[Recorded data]

--

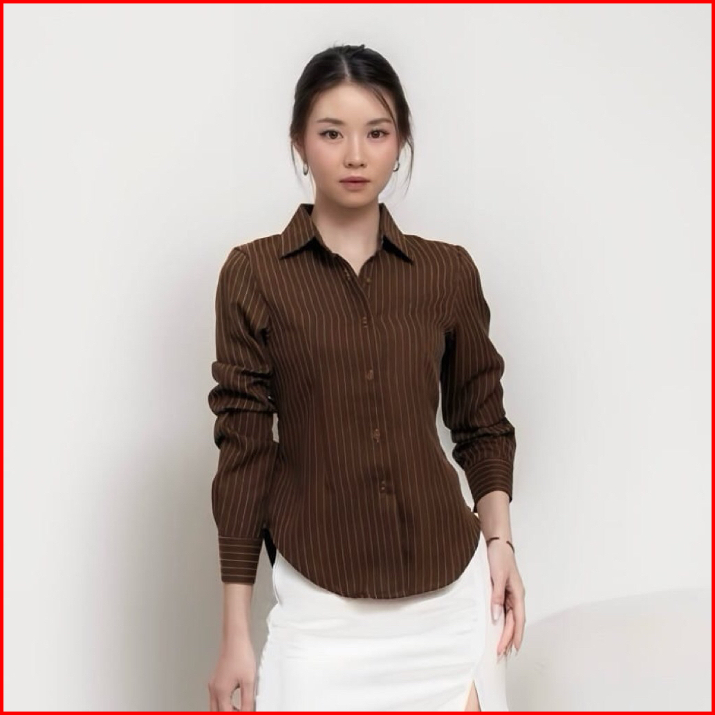 Kemeja Wanita Stripe Slim Fit Lengan Panjang
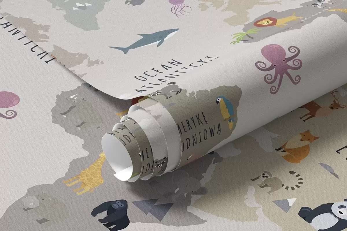 Papier peint Carte du monde pour enfants avec des animaux et des montgolfières. Langue polonaise. N° c00002pl
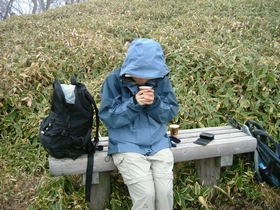 何組か登山客がいましたが、みなさん震えていました。晴れていたら富士山、谷川連峰、南アルプス、そうそうたる山々が見えたのに・・・
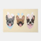 Niedliche Darstellung der französischen Bulldogs in Osterbekleidung mit Hasen und Ostereiern. Ideal für Hundeliebhaber und Begleiter zu Ostern.
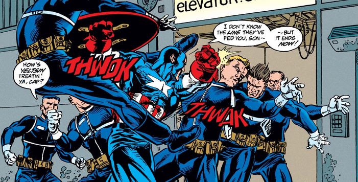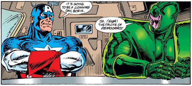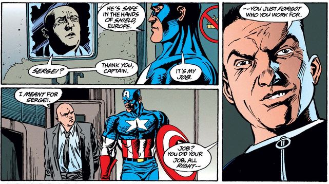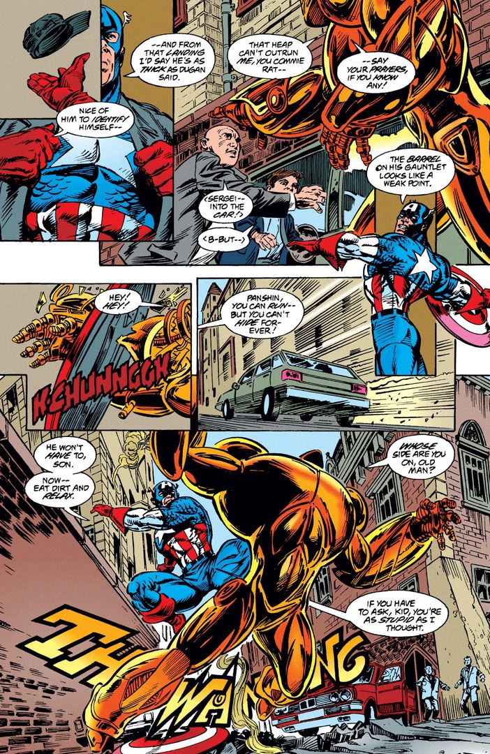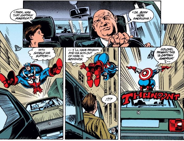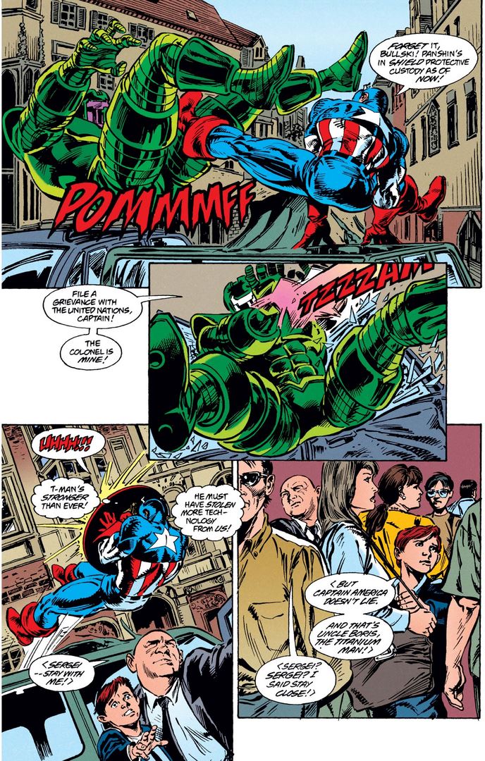 Cap shows why you must never skip leg day as he asserts jurisdiction over Panshin, which Bullski contests, while young Sergei shows that everyone knows what Captain America stands for.
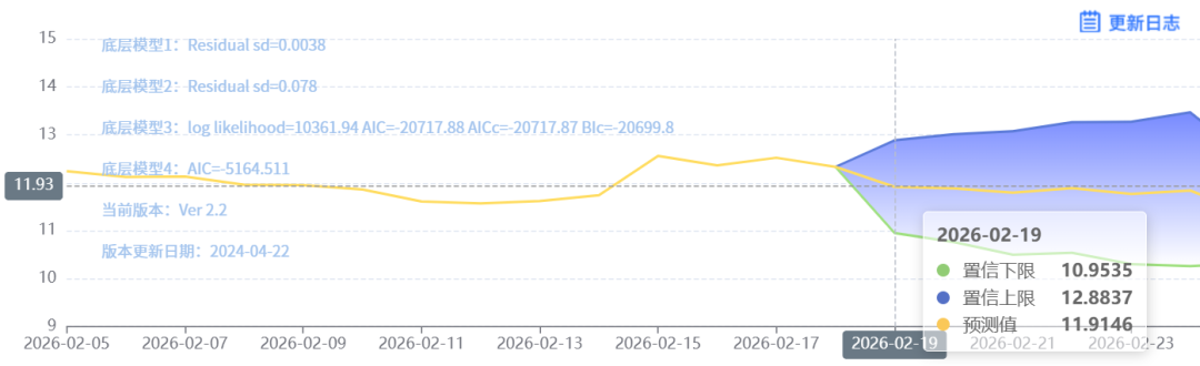 玄田算法是由项目课题组团队原创的非经典逻辑数值聚合理论和不确定性预测方法,构建了基于一致模算子的生猪价格预测模型。该模型采用的聚合函数及一致模相关理论与方法已获得多项国家自然科学基金和省级自然科学资金资助,并获得多项省级自然科学奖奖项。02月19日预测猪价为11.9146,置信区间在10.9535--12.8837之间。02月20日预测猪价为11.8845;02月21日预测猪价为11.7938。
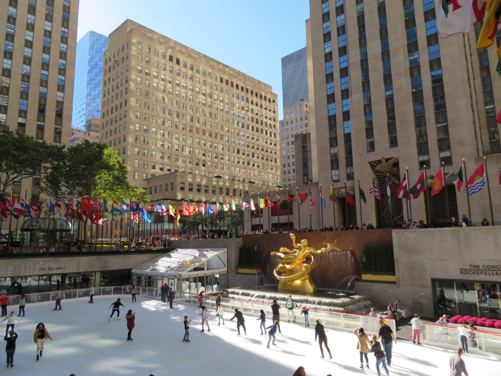 The ice rink at Rockefeller Center had recently got going for the winter season, although it was still t-shirt weather in the sunshine. The golden statue of Prometheus watches over the skaters.
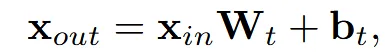 Dynmaic linear layer는 위와 같이 정의 할 수 있습니다. 입력 차원이 , 출력 차원이 일 때 의 차원은 , 의 차원은 입니다.

--

### Task brief
Set down exactly the lines running from the beginning of the entries above to the line that contains "Niedliche Darstellung der", including both, and leave out pictures.

### Exercise response
 Kemeja Wanita Stripe Slim Fit Lengan Panjang
 Papier peint Carte du monde pour enfants avec des animaux et des montgolfières. Langue polonaise. N° c00002pl
 何組か登山客がいましたが、みなさん震えていました。晴れていたら富士山、谷川連峰、南アルプス、そうそうたる山々が見えたのに・・・
 Niedliche Darstellung der französischen Bulldogs in Osterbekleidung mit Hasen und Ostereiern. Ideal für Hundeliebhaber und Begleiter zu Ostern.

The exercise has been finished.